Re: [DISCUSS] Make our "ready for review" expectation more explicit and stricter

Jens Scheffler Wed, 04 Mar 2026 12:42:15 -0800

I like the idea and also assume that we can adjust and improve rules andexpectations over time.

I just fear that (soon) if AI costs are put to realistic price levels weneed to check if contributors still have and get free AI bot access,else the idea is melting fast. (Low risk thoug, let's see if thishappens we need to just change the approach... or look for funding)


On 04.03.26 08:13, Jarek Potiuk wrote:

  Another manual step (and bottleneck) in triaging PRs is that maintainers

will still need to approve CI runs on GitHub.

Great point ... and ... it's already handled :)  - look at my PR.

When - during the triage - the triager will see that workflow approval is
needed, my nice little tool will print the diff of the incoming PR on
terminal and ask the triager to confirm that there is nothing suspicious
and after saying "y" the workflow run will be approved.

J.


On Wed, Mar 4, 2026 at 3:35 AM Zhe-You Liu <[email protected]> wrote:

Hi all,

Thanks Jarek for bringing up the auto-triage idea!
Big +1 from me on the “let’s try” decision.

I really like this feature; it can help avoid copy‑pasting or repeatedly
writing similar instructions for contributors to fix baseline test
failures.

I had the same thoughts as Wei regarding flaky tests. Having deterministic
checks or automated comments should be enough to handle flaky test issues,
and contributors can still reach out on Slack to get their PRs reviewed, so
this should not be a problem.

Another manual step (and bottleneck) in triaging PRs is that maintainers
will still need to approve CI runs on GitHub. It doesn’t seem safe to fully
automate CI approval, as there could still be rare cases where an attacker
creates a vulnerable PR that logs environment variables during tests. Even
though we could use an LLM to check for these kinds of vulnerabilities
before approving a CI run, it is still not as safe as a manual review in
most cases (e.g. prompt injection attack).
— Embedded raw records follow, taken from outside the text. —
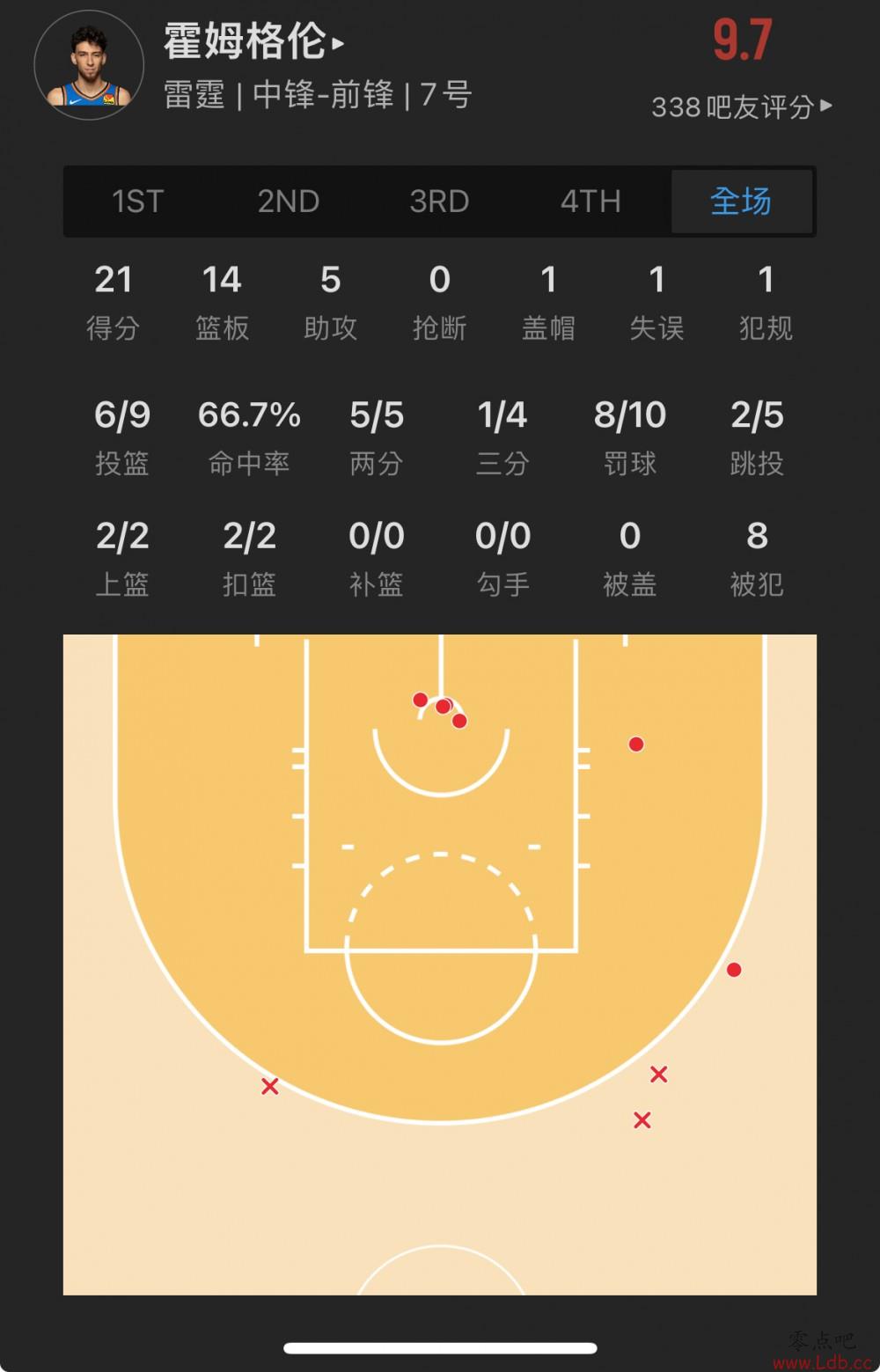 雷霆上届榜眼秀 切特-霍姆格伦 出战33.2分钟
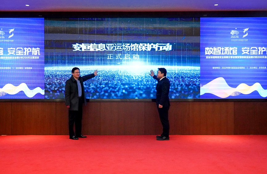 人民網(wǎng)杭州2月23日電 (張麗瑋)今天,杭州亞組委廣播電視和信息技術(shù)部副部長(zhǎng)趙欣浩與安恒信息高級(jí)副總裁袁明坤共同啟動(dòng)了“亞運(yùn)場(chǎng)館網(wǎng)絡(luò)安全保護(hù)行動(dòng)”。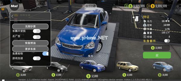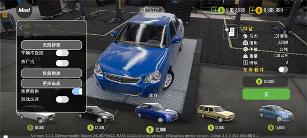 中文辅助菜单:汉化版内置实用功能,无限绿币、车辆无损、免费购车、燃油恢复等,畅玩体验全面升级。
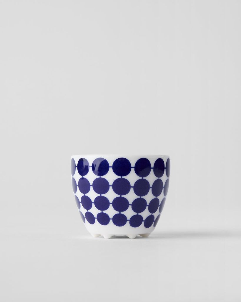 ADAM-serien är sedan länge en favorit bland samlare av svenskt porslin, och äggkoppen är en charmig och eftertraktad del. Med sin tydliga blå prickdesign är den lätt att kombinera med övriga delar i serien eller att låta stå framme som ett dekorativt objekt.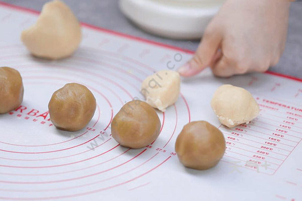 3.莲蓉40g、蛋黄1个包好备用,饼皮分10份,取一份压扁,把馅料放在中间,用虎口位置向上推捏紧收口滚圆。
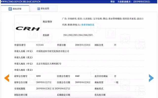 而CRH正是我国高铁的英文缩写,在每辆高铁的白色车身上,我们都能看到明显的“CRH”标志。铁科院作为我国铁路唯一的综合性研究机构,承担着我国高铁的建设、运营、维护工作,高铁“CRH”的商标权也由铁科院享有。铁科院拥有的涉案的第35类“CRH”商标注册于2006年,在2009年4月取得商标专用权。记者查询发现,铁科院共在43个门类上注册了“CRH”商标,本案争议商标则是其中之一。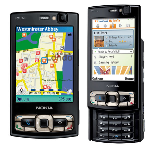 (图2)一代机皇——诺基亚 N95,采用双向滑盖设计,内置 GPS,支持 3G+Wi-Fi,配备 500 万像素卡尔蔡司镜头,运行 Symbian S60 系统。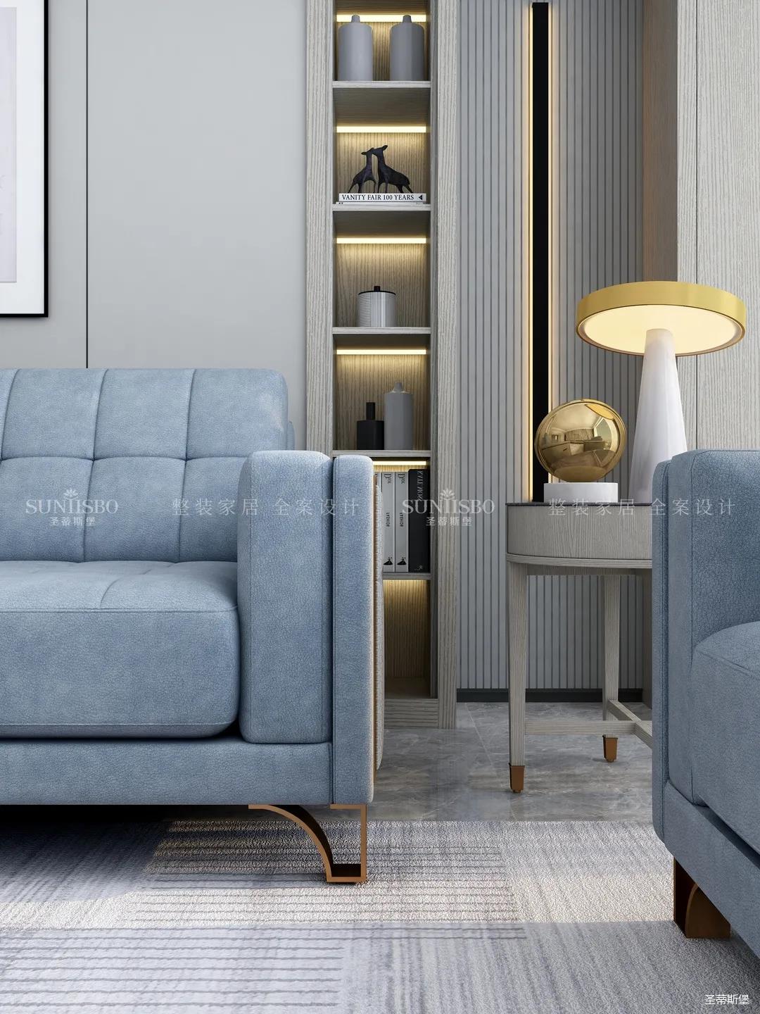 時尚簡約與現(xiàn)代簡奢的雙重美學(xué)在客廳中發(fā)揮的淋漓盡致,飽滿填充的親膚磨砂皮材質(zhì)沙發(fā),貼心呵護(hù)身體曲線,回家即可來一次舒適愜意的SPA。圍繞著時尚、舒適家的設(shè)計,剔除了傳統(tǒng)簡奢金屬堆砌,打造定制的實木柜體,在深灰與淺灰之間切換有度,盡顯大方自然。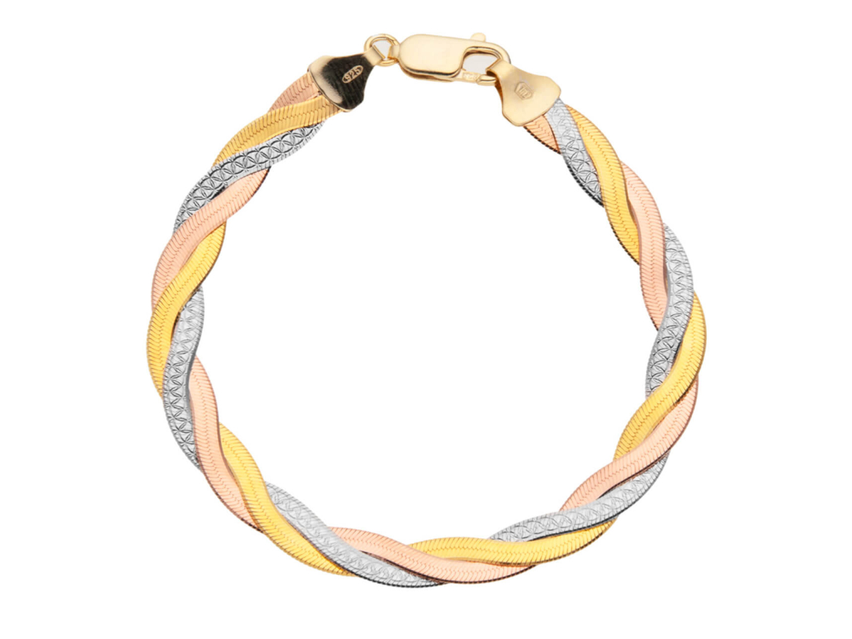 Stříbrný náramek PLETENÝ 6 mm TRICOLOR Ag 925/1000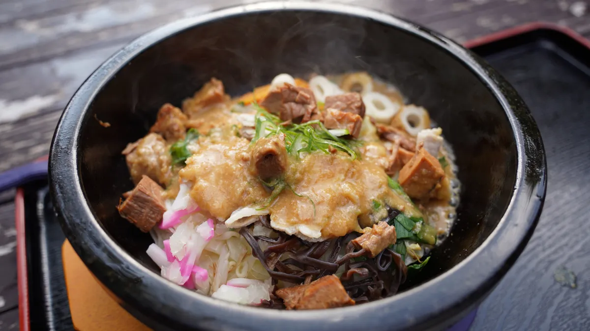 地獄蒸し仕上げ:麺と旬の野菜は、別府の地熱を最大限に生かし、地獄蒸しで調理されています。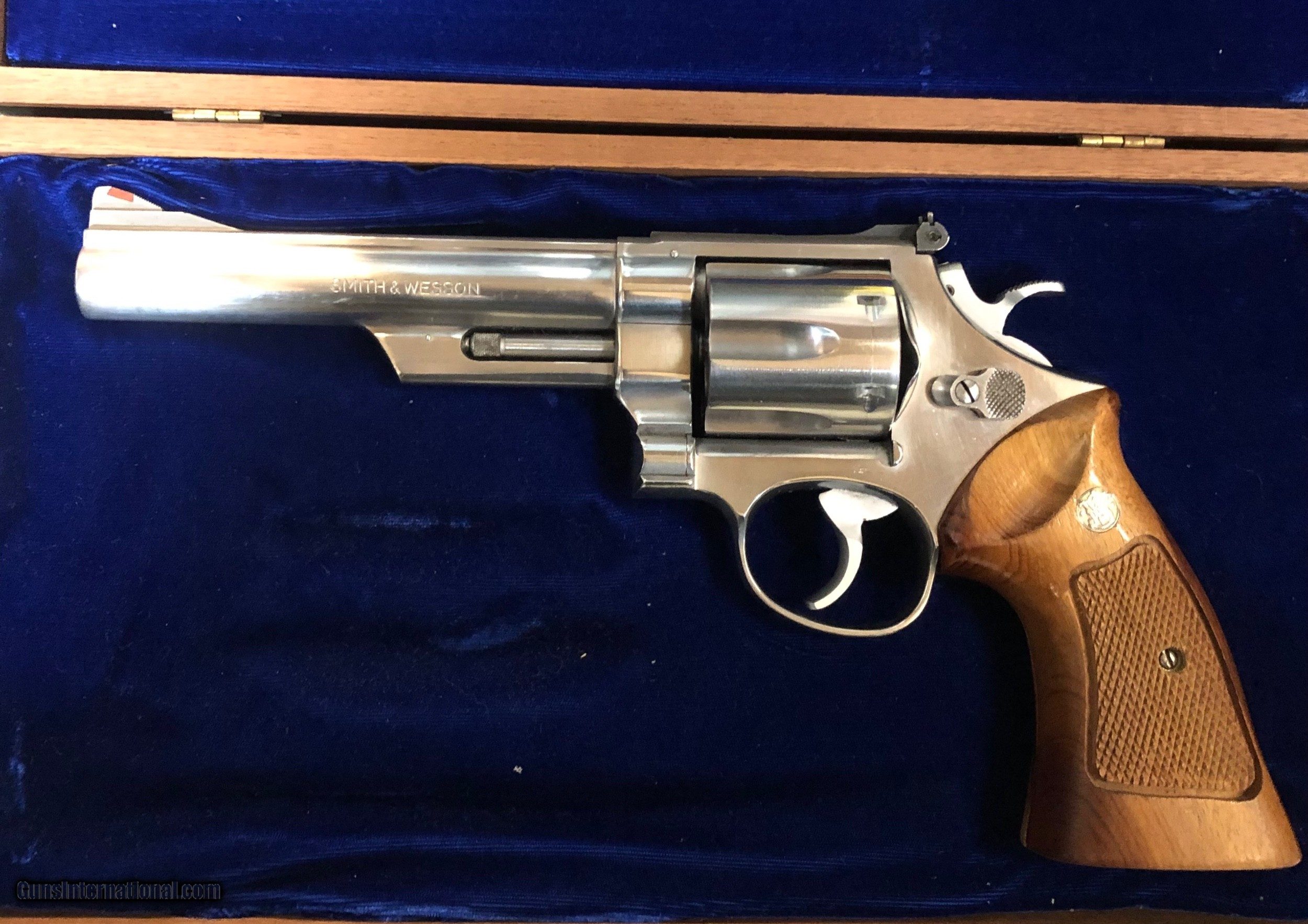 Description: Another nice pinned and recessed 629. Stainless, full target, beautiful wood grips, and nice presentation box. Gun has been shined on a little, but still nice. Please email with questions. Shipping included (west coast add $75). Venmo and cash app accepted. SOLD Manufacturer: Smith and Wesson Model: 629 Barrel Length: 6 in Bore: Excellent Condition: Used Metal Condition: Very good Wood Condition: Excellent Bore Condition: Excellent Action: Da, sa Finish: Stainless Sights: Target Case: Yes Item Location: 37075 |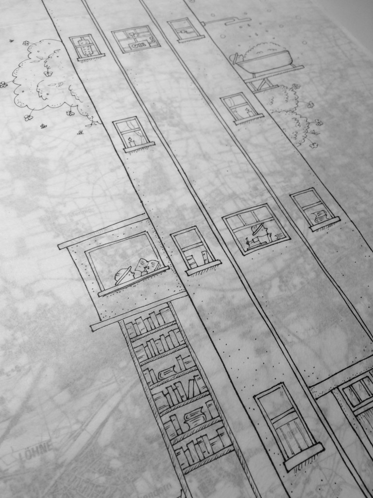 Here you can see how I experimented with different pen sizes for different features in the architecture, working out which nib size of which drawing pen brand I would need to replicate the effect I’d expect on standard drawing paper.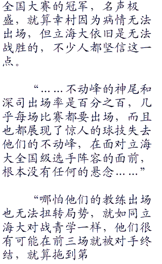 因此,第二天周瑞接受采访所说的话以及立海大的态度就上了各个报刊的报道上。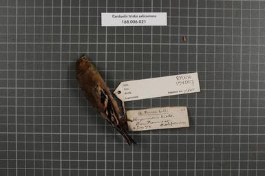 | Keywords: Naturalis Biodiversity Center - RMNH.AVES.154007 1 - Carduelis tristis salicamans (Grinnell,1897) - Fringillidae - bird skin specimen.jpeg artwork Dimensions artwork Document type Fringillidae Carduelis Individual count 1 Infraspecific epithet salicamans Infraspecific rank Institution Naturalis Kind of unit artwork Kind of unit specimen skin Life stage Californien San Francisco Medium artwork Nomenclatural code Occurrence ID page Other fields Other versions artwork Permission license Naturalis donation CC-0 Publication location Scientific name Carduelis tristis salicamans Grinnell 1897 Scientific name authorship Grinnell 1897 Source url http //bioportal naturalis nl Specific epithet tristis State or province Californien Subject keywords artwork Subject keywords publication Title artwork Title publication Type status Uploaded with GWToolset Naturalis_Biodiversity_Center_-_RMNH AVES 154007_1_-_Carduelis_tristis_salicamans_ Grinnell 1897 _-_Fringillidae_-_bird_skin_specimen http //medialib naturalis nl/file/id/RMNH AVES 154007_1/format/large Media donated by Naturalis Biodiversity Center Songbird specimens at Naturalis Biodiversity Center Spinus tristis Carduelis |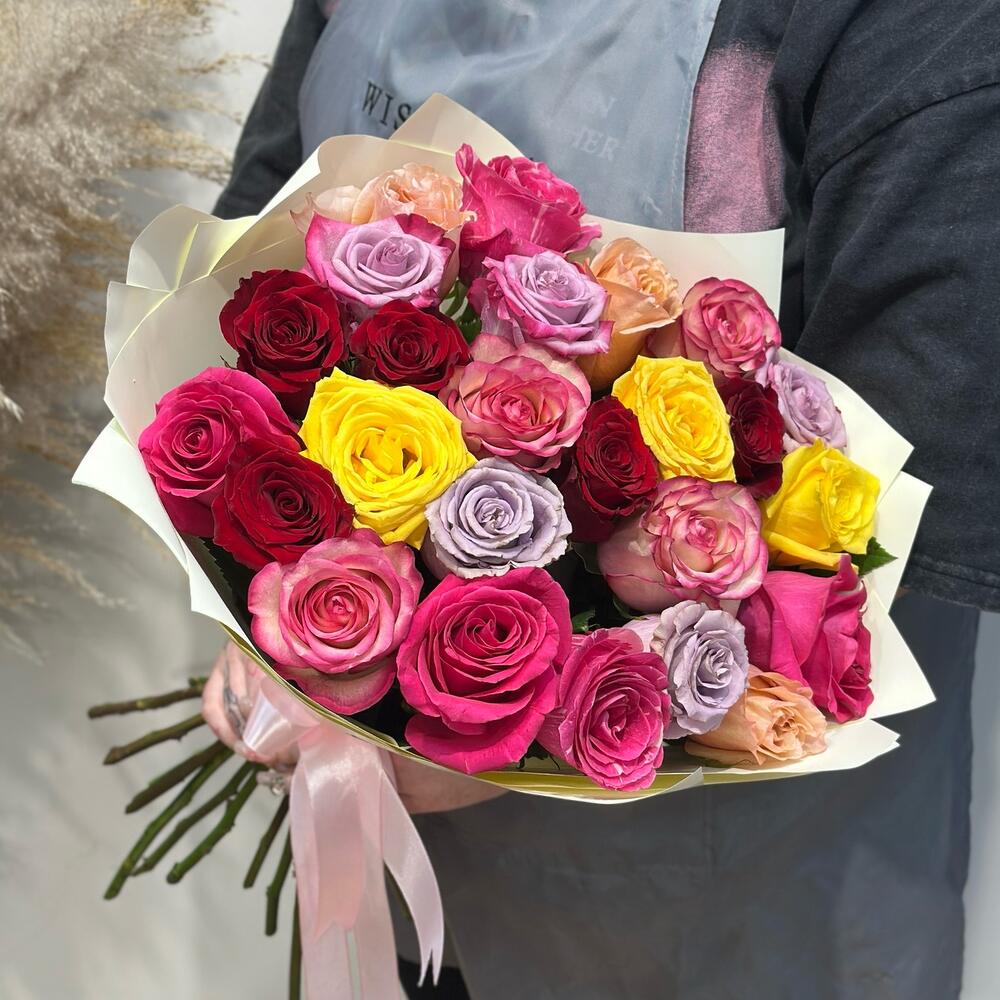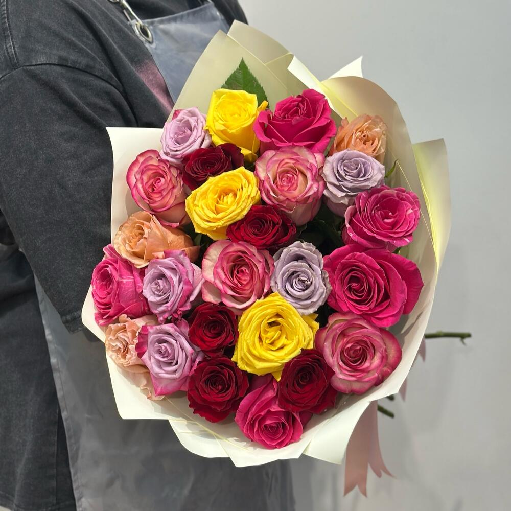 В букете используется от 3-х оттенков роз! Покупатель не может выбирать цвет! Подарите незабываемые эмоции с букетом из 25 эквадорских роз микс в Красноярске! Эти роскошные цветы обладают невероятной длиной стебля и яркими цветами, которые подчеркнут вашу искренность и нежность. Идеальный выбор для любого повода — будь то день рождения, юбилей или неожиданный сюрприз. Закажите уникальный букет у нас и позволите ему стать ярким акцентом вашего праздника! Доставка по Красноярску — быстро и удобно!

I’m not sure whether anyone has
a good idea for fully automated PR triaging -- for example, automatically
approving CI, periodically checking test baselines for quality (via the
`breeze pr auto-triage`), re‑approving CI as needed, and continuing this
loop until all CI checks are green.

Best regards,
Jason

On Tue, Mar 3, 2026 at 10:48 PM Vincent Beck <[email protected]> wrote:

I like the overall strategy, for sure the tool will need continuous
iterations to handle all the different scenarios. But this is definitely
needed, the number of open PRs just skyrocketed the last few months, it

is

very hard/impossible to keep track of everything.

On 2026/03/03 14:39:41 Jarek Potiuk wrote:


Thanks for bringing this up! Overall, I like this idea, but it's

worth

testing it for a bit before we enforce it, especially the LLM-verify

part.

Oh absolutely. My plan to introduce it is (after the community

hopefully

makes an overall "let's try" decision):

* The human triager is always in the loop, quickly reviewing comments

just

before they are posted to the user (until we achieve high confidence)
* I plan to run it myself as the sole triager for some time to perfect

it

and to pay much more attention initially. I will start with smaller
groups/areas of code and expand as we go - possibly adding more

maintainers

willing to participate in triaging and testing/improving the tool
* See how quickly we can do it on a regular basis - whether we need

several

triagers or perhaps one rotational triager handling all PRs from all

areas

at a time.
* Possibly further automate it. My assessment is that we will have 90%

of

deterministic "fails"—those we can easily automate without hesitation

once

the process and expectations will be in place. The LLM part is a bit

more

nuanced and we can decide after we try.

* The author ensures the PR passes ALL the checks and tests (i.e.

green).

It might sometimes mean we have to - even more quickly to `main`

breakages,

and probably provide some "status" info and exceptions when we know

main

is

broken.

Probably, we should exempt some checks that might be flaky?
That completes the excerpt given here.